As considerações anteriores apontam para a pouca ênfase dada ao estudo dos naturais após a 5a série e, também, para a necessidade de que se desenvolva um trabalho sistemático do estudo desse tema, em diferentes momentos, para que a sua aprendizagem possa ser ampliada. Quanto ao estudo dos números inteiros, os PCN alertam para que as atividades propostas não se limitem às que se apóiam apenas em situações concretas, mas que sejam incluídas atividades que possibilitem a extensão dos conhecimentos já construídos para os naturais, permitindo a compreensão e a justificação das propriedades dos números inteiros.

Deste modo, podemos perceber que há uma demanda forte de que os professores, na sua prática docente, trabalhem com os números, o que certamente exige uma atenção especial nos currículos da licenciatura em matemática. Esse trabalho envolve conceitos e procedimentos que pressupõem conhecimentos de Teoria dos Números.

Os Parâmetros Curriculares Nacionais para o Ensino Médio, com relação ao estudo de números, sugerem que haja espaço para o aprofundamento desses conhecimentos, integrados a outros conceitos, numa perspectiva sócio-histórica e de resolução de problemas. (PCN – Ensino Médio - v.3, p.89). Um dos três temas ou eixos estruturadores propostos é Álgebra:

números e funções, em que se deixa claro que a ênfase no estudo dos números recai sobre os

reais:

No ensino médio, esse tema trata de números e variáveis em conjuntos infinitos e quase sempre contínuos, no sentido de serem completos. Os objetos de estudo são os campos numéricos dos números reais e, eventualmente, os números complexos e as funções e equações de variáveis ou incógnitas reais. (PCN + , 2002, p. 120)

Sobre essa proposta, é necessário ponderar que muitos problemas são modelados no conjunto dos inteiros e não no conjunto dos números reais. É o caso do estudo das seqüências, que é sugerido como um tema a ser abordado conectado à idéia de função. Esse assunto pode ser, inclusive, uma oportunidade para se trabalhar com a idéia de recorrência, caracterizadora do conjunto dos números inteiros positivos. Nesse nível de ensino, nenhum tópico está explicitamente ligado à Teoria Elementar dos Números, cuja presença poderia oportunizar o desenvolvimento de competências como a de investigação e compreensão, que é uma das três grandes competências proposta para a área de Ciências da Natureza, Matemática e suas Tecnologias.
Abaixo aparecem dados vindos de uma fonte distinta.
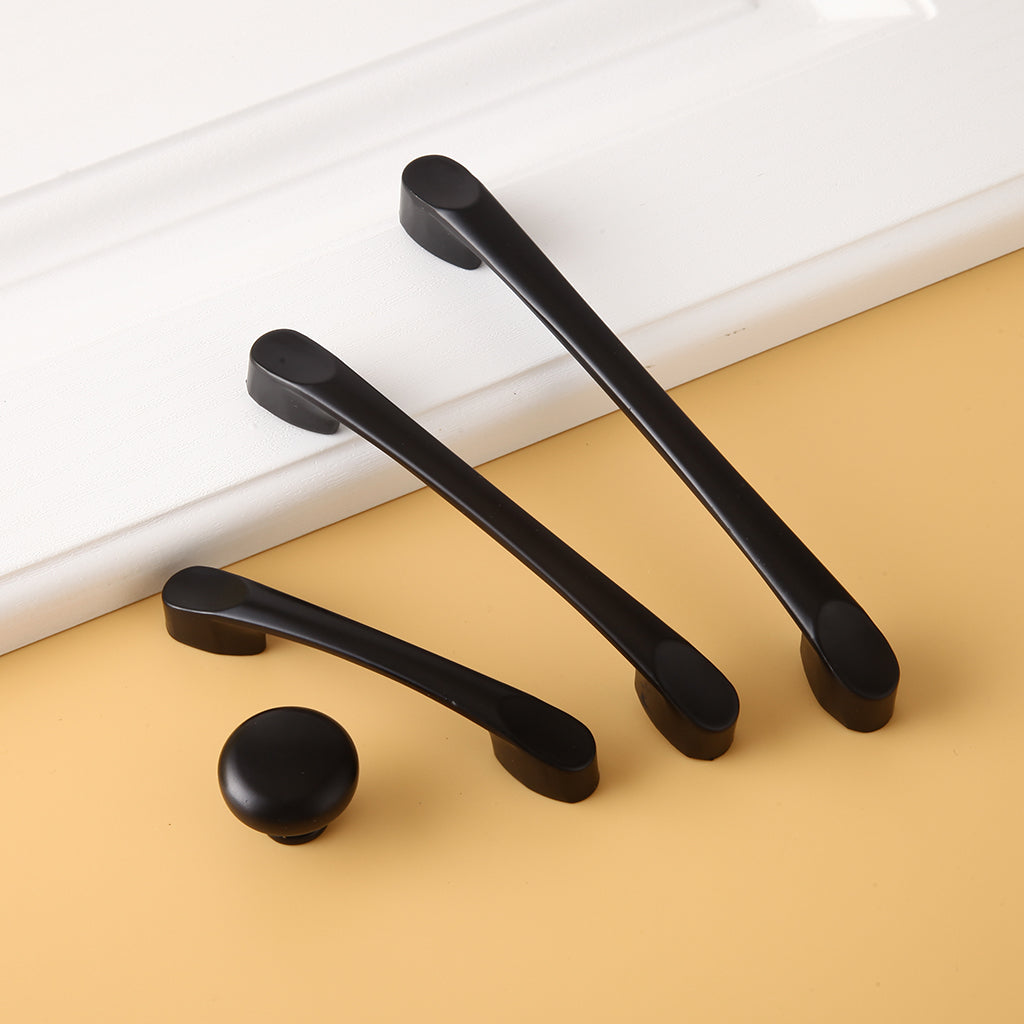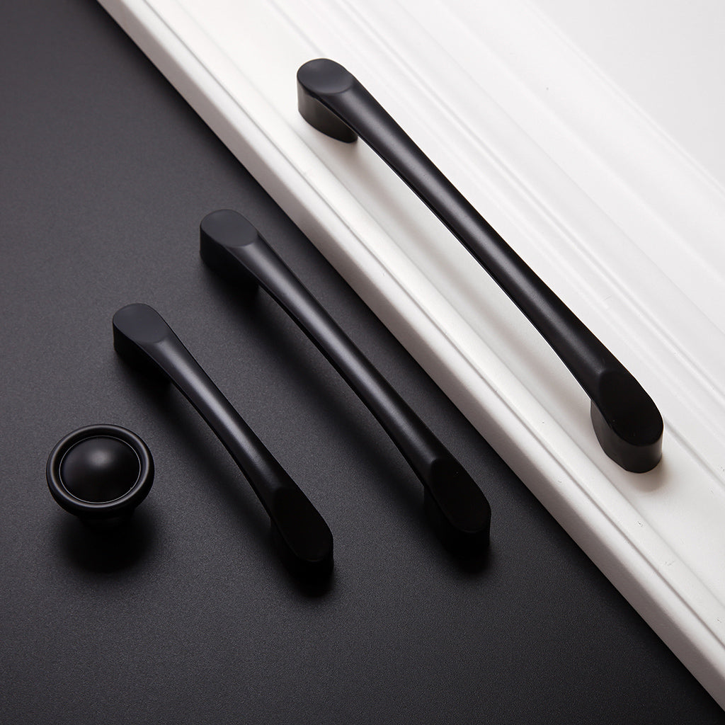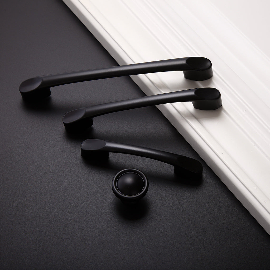 Simple Style Matte Black Furniture Decor Metal Door Drawer Pull Handle Knob

Assim, os PCN de matemática apresentam diretrizes para a escola básica que incorporam discussões e pesquisas no campo da Educação Matemática, entretanto estão subjacentes idéias que ainda demandam pesquisas como a discussão dos aspectos caracterizadores do conjunto dos inteiros e o seu ensino e aprendizagem; as relações álgebra e

aritmética; as visões de álgebra, enfim qual a álgebra a ser ensinada. Essas questões, dentre outras, como a formação de conceitos, a evolução histórica e epistemológica destes conceitos, as práticas escolares envolvidas no ensino desses temas, certamente têm implicações na formação do professor e justificam pesquisas relacionadas à educação algébrica, tanto na escola básica como na formação de professores.